From the Better Late Than Never dept. comes our third yearly status letter. It covers all news-worthy updates since our previous letter.

Inside This Year’s Letter:

Blog Silence

What’s this? Not a single blog post this year? Not even a newsletter? Have we been asleep?

Heavens no! On the contrary, we’ve been too busy to blog! Our focus has been on Getting Things Done — in terms of code, research, publication, talks and lectures, administrativia, and the fact that 2017 became the Year Of Decentralization!

The call to Decentralize All The Things! did not need our help, while other items did.

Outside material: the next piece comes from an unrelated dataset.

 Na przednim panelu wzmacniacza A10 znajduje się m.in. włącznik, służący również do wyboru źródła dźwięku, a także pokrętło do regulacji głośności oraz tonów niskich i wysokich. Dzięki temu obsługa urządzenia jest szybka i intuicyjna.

This post will cover the highlights.

Group Income

July 2017 hackathon

In July of 2017, seven totally OK turtles gathered in a remote farming area for what’s becoming a yearly Group Income hackathon.

It was a smash success! You can see photos and read all about it on Group Income’s blog:

👉 Read more: Group Income July Progress Update

Anikó Fejes and Sandrina Pereira join Group Income!

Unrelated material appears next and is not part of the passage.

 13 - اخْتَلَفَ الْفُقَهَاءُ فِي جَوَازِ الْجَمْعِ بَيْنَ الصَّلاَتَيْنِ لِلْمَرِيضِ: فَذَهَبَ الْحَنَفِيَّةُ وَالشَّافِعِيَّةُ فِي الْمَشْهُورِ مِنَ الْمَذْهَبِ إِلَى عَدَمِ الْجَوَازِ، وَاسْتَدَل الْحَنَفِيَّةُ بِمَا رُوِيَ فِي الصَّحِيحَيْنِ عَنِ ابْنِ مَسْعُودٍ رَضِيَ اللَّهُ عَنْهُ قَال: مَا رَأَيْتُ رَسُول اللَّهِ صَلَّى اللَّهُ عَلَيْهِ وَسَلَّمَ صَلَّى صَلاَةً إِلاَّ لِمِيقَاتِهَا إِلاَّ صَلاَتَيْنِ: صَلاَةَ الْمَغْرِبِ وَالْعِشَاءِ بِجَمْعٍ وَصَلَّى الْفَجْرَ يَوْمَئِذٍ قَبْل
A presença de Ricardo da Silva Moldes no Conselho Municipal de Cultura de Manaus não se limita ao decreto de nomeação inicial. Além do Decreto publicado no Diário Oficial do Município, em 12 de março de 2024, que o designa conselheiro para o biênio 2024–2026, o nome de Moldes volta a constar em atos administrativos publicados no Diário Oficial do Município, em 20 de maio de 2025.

Two talented developers have joined the Group Income team to help us bring the prototype to a usable state:

👉 Read more: Anikó Fejes and Sandrina Pereira join Group Income!

BlockCon Basic Income Q&A With Scott Santens

Over at BlockCon we presented our work on DPKI and also had a chance to join Scott Santens on stage for a Q&A on Basic Income:

👉 Watch:

The DCS Theorem

We finally published our work on the DCS Triangle & Theorem.

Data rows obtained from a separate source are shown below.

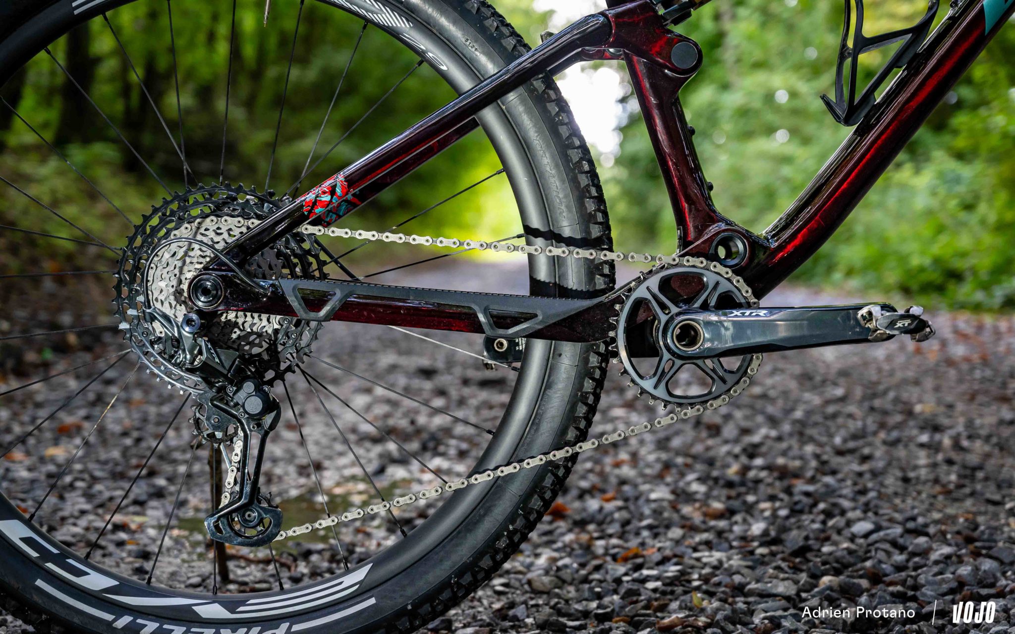 Un poids identique certes, mais avec une rigidité revue et améliorée ! Si celle-ci avait déjà été significativement retravaillée sur la précédente génération, elle demeurait toutefois encore insuffisante pour les athlètes du team dans certaines circonstances, et particulièrement au niveau du triangle arrière. Il faut dire que les circuits de coupe du monde sont également toujours de plus en plus techniques et entraînent davantage de contraintes sur le matériel.
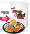 The Oprah Show is giving away coupons for a free Kentucky Grilled Chicken meal from KFC until 9:59pm CDT 5/6/09. 2 pcs Grilled Chicken, 2 sides, and a biscuit. Free lunch!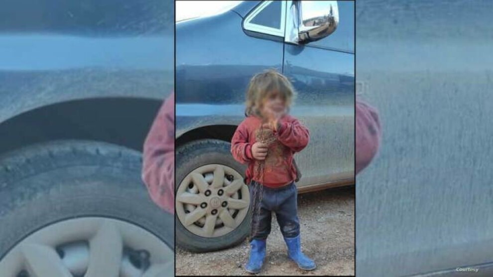 ونشر ناشطون على مواقع التواصل الاجتماعي صورة للطفلة وهي تلعب داخل المخيم وعلى إحدى يديها سلاسل حديدية، كما نشروا تسجيلاً للطفلة تقول فيه أنها تحب والدها رغم أنه ضربها؛ لأنها خرجت إلى الخيمة المجاورة.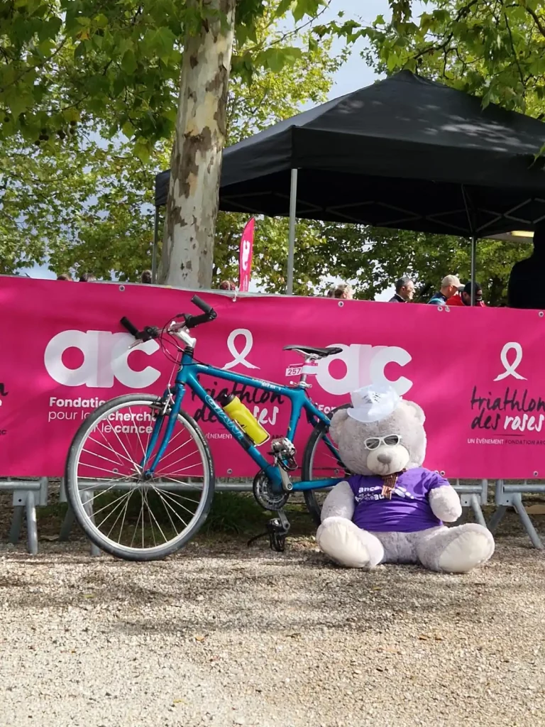 Comme chaque année Octobre Rose s’empare du calendrier pour sensibiliser le plus grand nombre au risque des cancers du sein. Nathalie et notre mascotte Eugène ont souhaité prendre part à l’action en s’inscrivant au Triathlon organisé pour l’occasion.
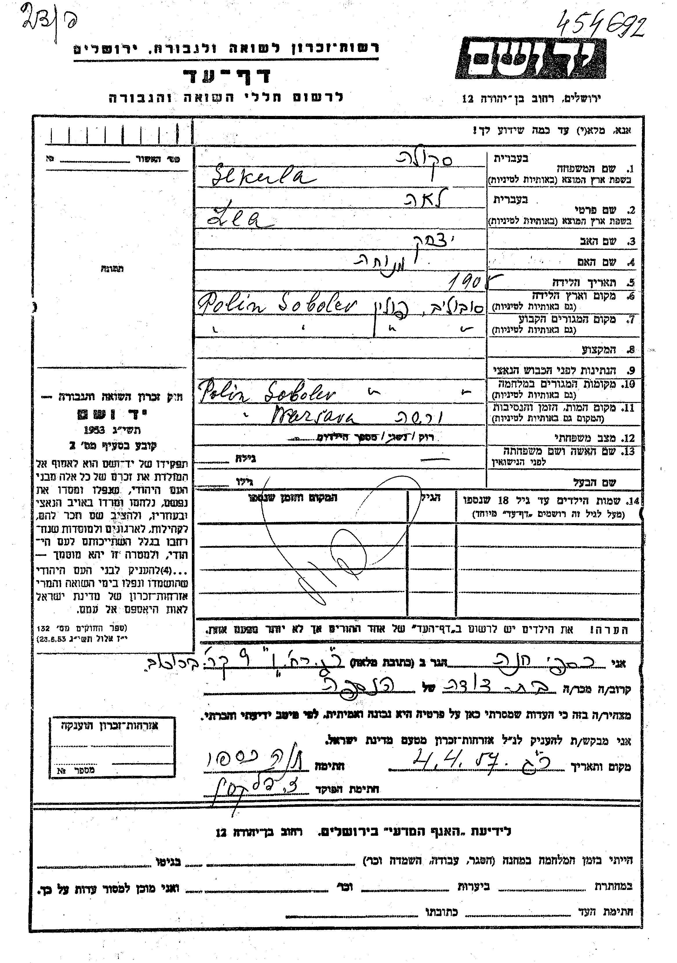 Lea Sekula wurde im Jahr 1905 in Sobolew, Polen geboren. Sie war die Tochter von Yitzkhak und Menukha. Sie war Ledig. Vor dem Zweiten Weltkrieg lebte sie in Sobolew, Polen. Während des Krieges war sie in Sobolew, Polen.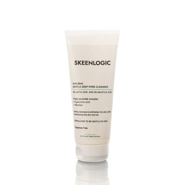 Skeenlogic AHA/BHA Gentle Deep Pore Cleanser with 5% Lactic Acid and 2% Salicylic acid is designed to get rid of dirt and oil that clog pores and lead to acne. It can also help break down makeup and other cosmetics that could lead to breakouts if left on the skin.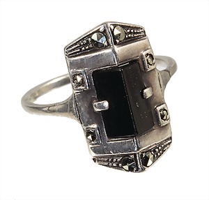 ring, "ART-DECO" 1930s/'40s, silver 925/000, roof-shaped cut onyx, markasites, ring width c. 54.5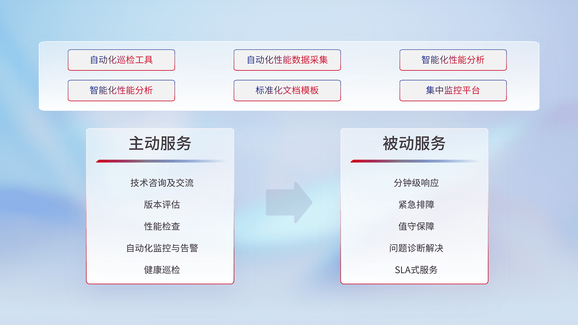 智能化工具和标准化文档,,保障服务质量,,,,提供主动服务(包含技术咨询、、、版本评估、、、、性能检查、、、、自动化监控与告警、、健康巡检)和被动服务包含(分钟级响应、、、紧急排障、、、值守保障、、、问题诊断解决、、、、SLA服务)。。。。
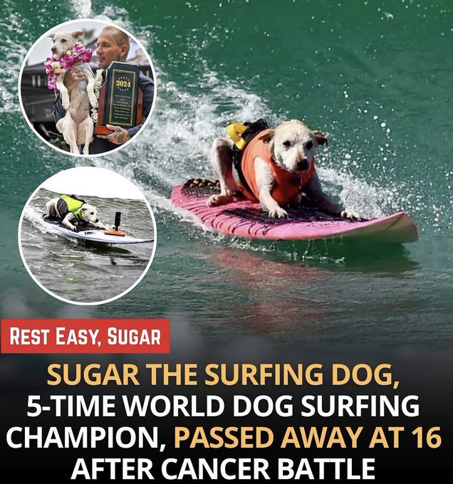 Sugar, a five-time world champion in dog surfing, passed away at the age of 16 after bravely battling cancer, her family shared on Instagram. Known not only for her incredible talent in the waves but also for her loving spirit, Sugar touched countless lives both in and out of the water.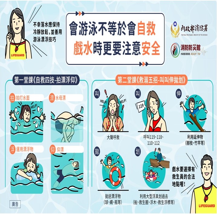 暑假即將到來,在安排玩水活動前,要記得水域安全觀念《會游泳不等於會自救、戲水時更要注意安全》,牢記《自救四技、救溺五招》才能避免憾事發生喔!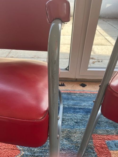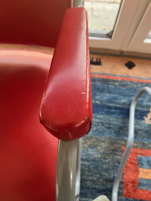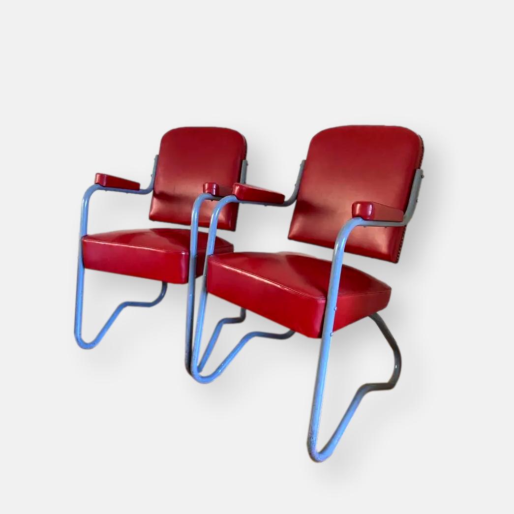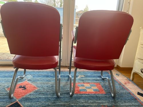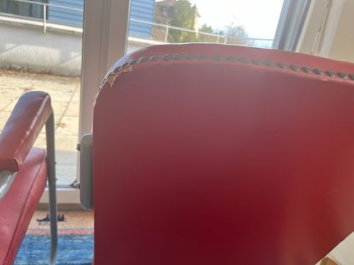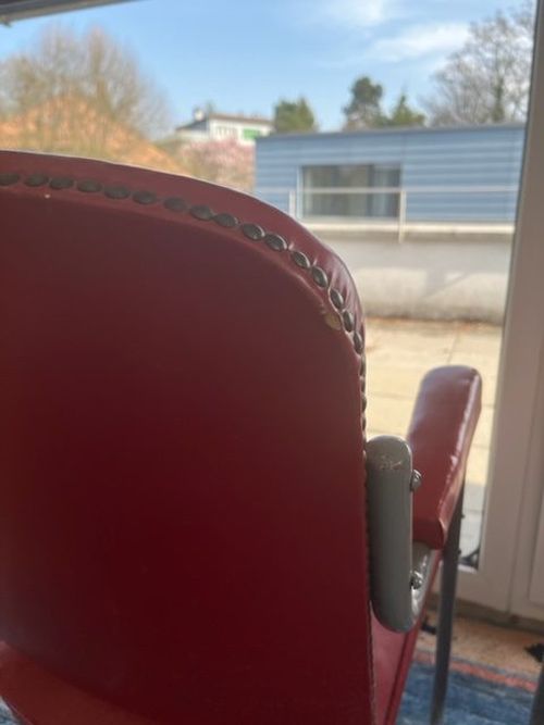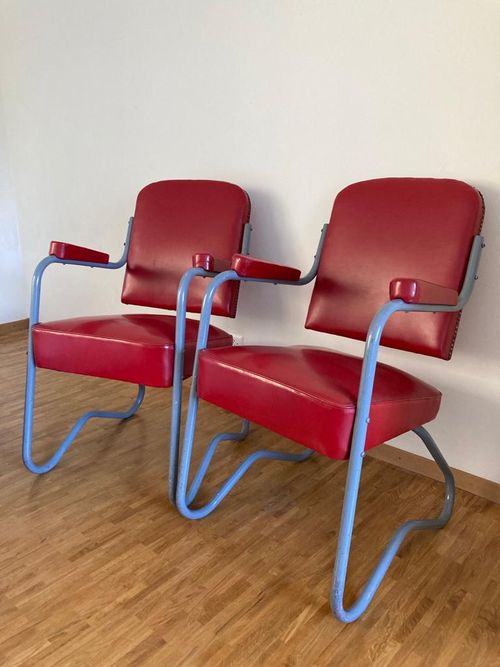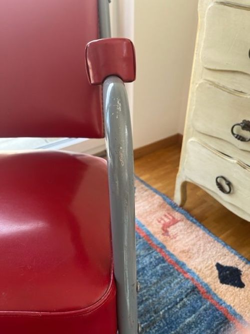 Produit venduCette paire de fauteuils en skaï rouge et tube laqué gris, date des années 60. Ils sont en très bon état. Des traces d’usure conformes à l’âge (cf photos). L’assise est en excellent état. Ils ont été très peu utilisés car restés dans une chambre.

In the paper, we give a proof that says blockchains (and similar decentralized consensus systems) centralize as they scale. We also describe methods to “get around” this fundamental limitation.

While our stated goal was to “put an end” to the “blocksize debate”, the implications of the work extends beyond blockchains to all consensus processes, humans included.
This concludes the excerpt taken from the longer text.